On the Asian continent, things are a little better. Although data point to a slowdown in China’s economy, it is still expanding. Its growth has become slower since the Covid-19 coronavirus pandemic was first publicly detected in 2020.
Although China – unsurprisingly – recovered sooner from the coronavirus outbreak than the rest of the world, it has also suffered serious economic impacts. The pandemic hit its economy again after a new outbreak was detected in Shanghai.
The Chinese authorities, perhaps fearful of unleashing a new wave of the virus worldwide, acted quickly and strictly this time. To the extent that they closed the port of Shanghai through which a large part of the world’s supplies of products pass.
Domestic credit in the country rebounded in June due to a growing demand for bank loans and record levels of Chinese treasury bond sales
According to the data, state stimulus to the economy is having a positive effect. The supply of credit to finance private production has increased, which will be reflected in the growth of economic activity this year and next.
What is happening in emerging markets?
Despite the war in Ukraine and its aftermath, in the second quarter of the year, Russia posted a record current account surplus of $70.1 billion. This was due to extra revenues from sales of oil, gas and raw materials that have reached record prices.
Such export revenues helped Vladimir Putin’s regime cope with and offset the impact of Western sanctions in response to the invasion of Ukraine. Energy prices and help from China and other allied countries have given Russia ample room to circumvent U.S. and European sanctions.
The lithium kings
Several South American countries exporting raw materials, such as Bolivia, Chile and Argentina, have benefited from the crisis in Europe. Bolivia expects next year to start exploiting its immense lithium reserves together with its southern cone partners.
Lithium is used in the manufacture of batteries for cell phones, electric cars and equipment. Meanwhile, Chile and Argentina, which are already producers, are taking advantage of the high prices of the metal in the market.
Rising interest rates
The rest of the world is suffering from the impact of inflation. Central banks globally following Fed policy have raised interest rates several times. The search for inflation relief has increased the cost of money and the cost of living.

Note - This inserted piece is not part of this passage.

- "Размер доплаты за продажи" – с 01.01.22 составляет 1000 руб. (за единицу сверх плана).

Canada’s central bank raised its benchmark interest rate by one percentage point. The increase was expected to be smaller as it had made two other increases of half a point each earlier.

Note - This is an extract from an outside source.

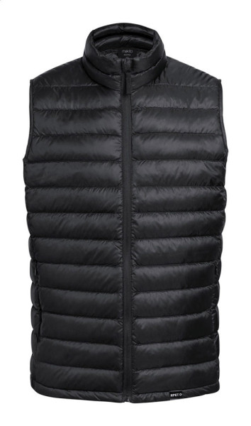 Wind- en waterafstotende bodywarmer van 100% RPET polyester.

South Korea also raised its rates by half a point after raising them by a quarter point. It was followed by New Zealand, which raised rates by half a point for the third time. The rest of the countries are adopting the same policy.

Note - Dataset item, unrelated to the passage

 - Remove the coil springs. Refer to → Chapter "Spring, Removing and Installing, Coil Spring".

The most industrialized countries and emerging economies, members of the OECD, agreed to establish a global minimum tax of 15% to tax global technology companies
However, the implementation of this so-called “revolutionary” tax has encountered a number of technical obstacles. For the time being, it is not expected to be implemented until 2024 at the earliest
Growth in world oil demand
Everything suggests that high energy prices will remain high for several months and perhaps even years to come. This is indicated by the movements in supply and demand for oil and gas. Their impact on the world economy and politics is already beginning to be seen.
There is a global realignment from a geopolitical point of view. New power blocs are forming with China and Russia at the forefront, on the one hand, and the United States and Europe on the other.